長庚還知道以方欽的穩妥,心里肯定也是這么想的。
所以哪怕拽著大家一起走鋼絲,也絕不能讓他心平氣和地等到這個機會。
方欽一直目送著雁王車駕走遠,才吩咐家人繼續走,周遭暮色四合,黃昏緩緩滑入漫漫長夜,他似乎隱約看見了那脈絡一般的大勢,滔滔逝水似的從他面前奔流而過。然而他無力阻攔,他腳下踩著的萬里長堤是沙爍堆成的,看似威武雄壯,實際無從借力,是無邊世情在與他相悖。
回到方府,府上照例已經有客人在等,方大學士顧不上修仙求道,在前廳親自接待。方欽一進門,眾人都站起來,神色各異地看著他。
方欽心里又有種不祥的預感:“爹,怎么了?”
方大學士面沉似水地說道:“你義妹今日在宮里沖撞中宮獲罪,剛剛被禁足,不準親人探看。”
方老夫人與皇上乳母趙氏關系很好,開玩笑似的讓方欽的三弟認了趙氏做義母,這里頭本來沒有方欽什么事,只是為表親近客氣,在外人面前也稱呼趙氏那在宮里當值的女兒為“義妹”。
方欽愕然道:“為什么?”
“為什么?什么緣由也不必有,”方大學士緩緩說道,“想當年今上待顧昀以‘叔’相稱,自幼情分甚篤,也不過一言不和便將其下獄,何況我輩——今上刻薄寡恩,無情無義,實在讓人心寒。”
方欽心思急轉,立刻轉頭對家人吩咐道:“讓人馬上傳個信給趙國公,讓他別再耍這種幼稚的幺蛾子,見好就收。”

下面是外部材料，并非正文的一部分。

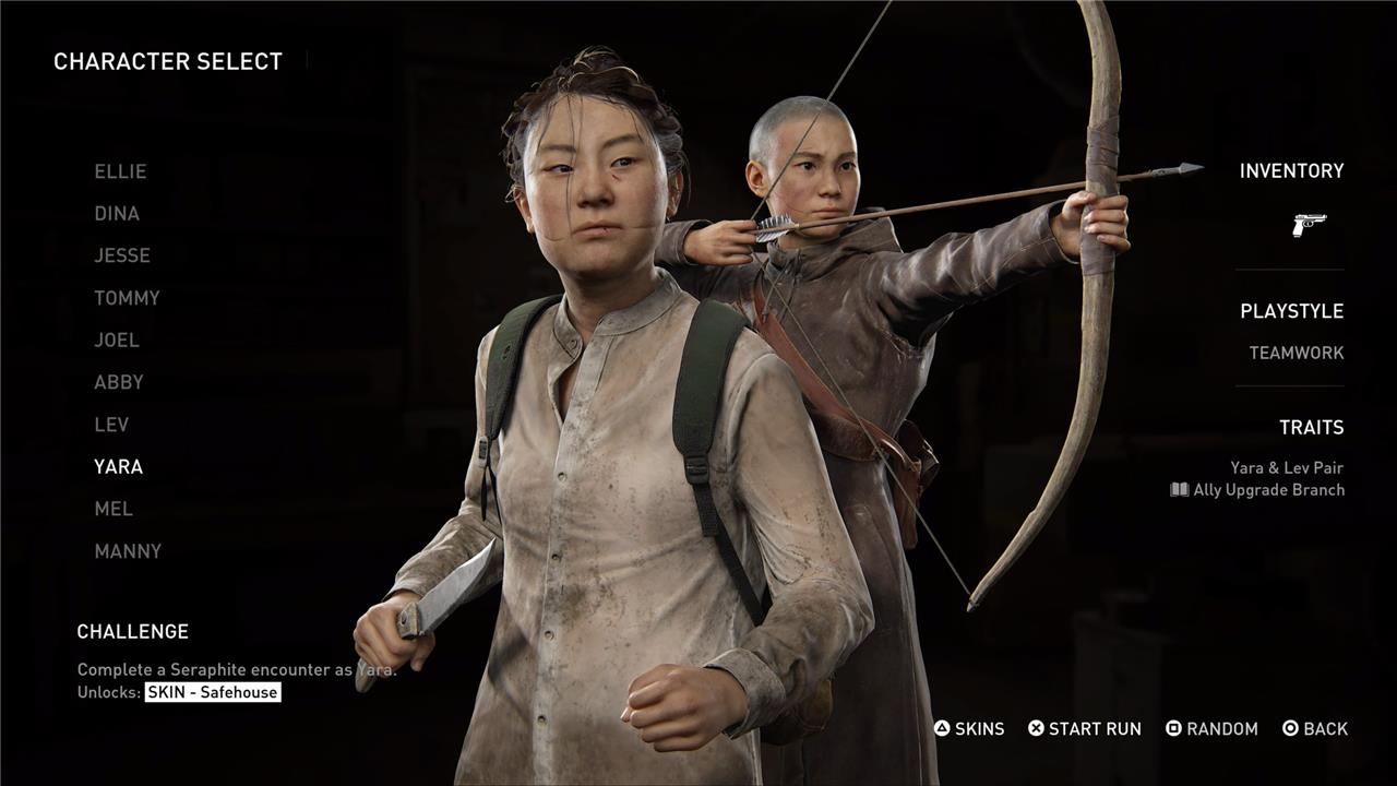 Yara is unlocked in The Last of Us Part 2’s No Return roguelike mode by completing three encounters while playing as Lev, who himself is unlocked after finishing two encounters as Abby. Yara stands out as a unique character because she is always accompanied by Lev as an AI companion during every stage, providing both offensive and defensive support. Her starting loadout is minimal, featuring only a pistol, but her main advantage is the teamwork dynamic with Lev, who can be upgraded to become even more effective between encounters. Yara’s trait set centers on this partnership, utilizing the Ally upgrade branch to enhance Lev’s abilities and overall team synergy, making her ideal for players who prefer a cooperative playstyle within solo runs.

他此言一出,場中嘩然,頓時有人站出來異議道:“方大人,你怎么又胳膊肘往外拐?”
方欽沒理會旁人,只盯著方大學士道:“爹,您還看不出來嗎,皇上不是先帝,萬事只能順著他來,你若是讓他感覺到自己受到逼迫,必然會遭到他的反彈,咱們是要鏟除雁王一黨,和皇上叫板有什么用?”
不等方大學士開口,方欽便又接著疾言厲色道:“我也很想保住三弟,可是再要這么下去,那折進去的就不是一個三弟了,在座都是自己人,我說句不好聽的,你們真當趙國公自己屁股就擦干凈了嗎?若是讓雁王抓到了借題發揮的把柄,到時候只能更被動!區區一條鐵軌線,你不讓它修,除了給李旻添點堵之外,還有實質作用嗎?顧昀照樣說動兵就動兵,讓你外事團都來不及到前線!你們還能怎樣?干脆截斷前線補給,賣國嗎?”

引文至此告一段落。